Jerry is neither cheap nor poor. But he doesn’t care about material things, least of all new things, and least of all for himself. At Oliver Twist’s orphanage, he would have starved to death rather than ask for more.

I ask Jerry why he left organized Judaism. Although he attended rabbinical college, he never got ordained. Instead, he served as executive director of a large Chicago synagogue. Later he left the Jewish community and ran therapy workshops, often working with the gurus of the human potential movement.

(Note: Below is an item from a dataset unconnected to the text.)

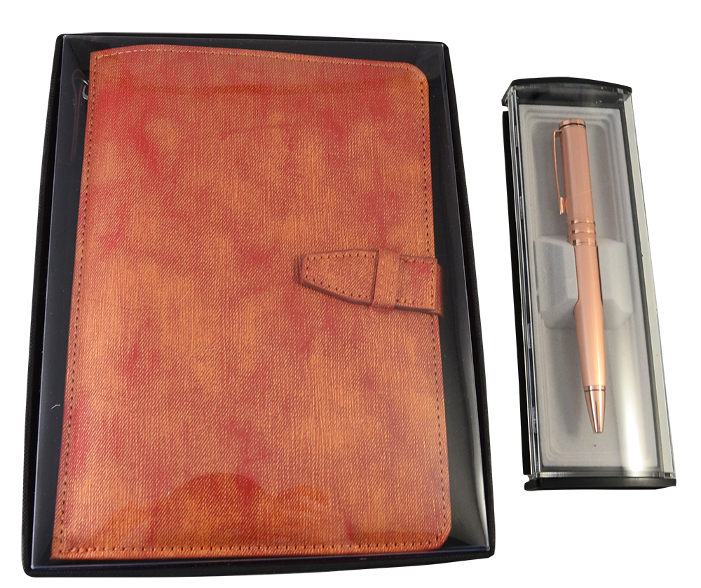 Подарочный набор в красочной упаковке включает в себя стильный ежедневник и шариковую ручку с выдвижным механизмом.

He says he wasn’t impressed by the wisdom of rabbis, the politics of the Jewish community or the mores of lay leaders. If there’s anything that disgusts him, it’s people who give big bucks and expect to be honored with plaques and testimonial dinners.

“Giving money publicly is the opposite of what the essence of being Jewish is for me,” says Jerry. True giving is “like Rebecca at the well. She gives water not for fame or glory. It’s because she’s a caring person. That’s the essence of it for me.”

He knows we belong to a synagogue with no plaques. Maybe someday he’ll return, and we’ll be the richer for it. Meanwhile, Jerry brings his take on Jewish values into my kitchen.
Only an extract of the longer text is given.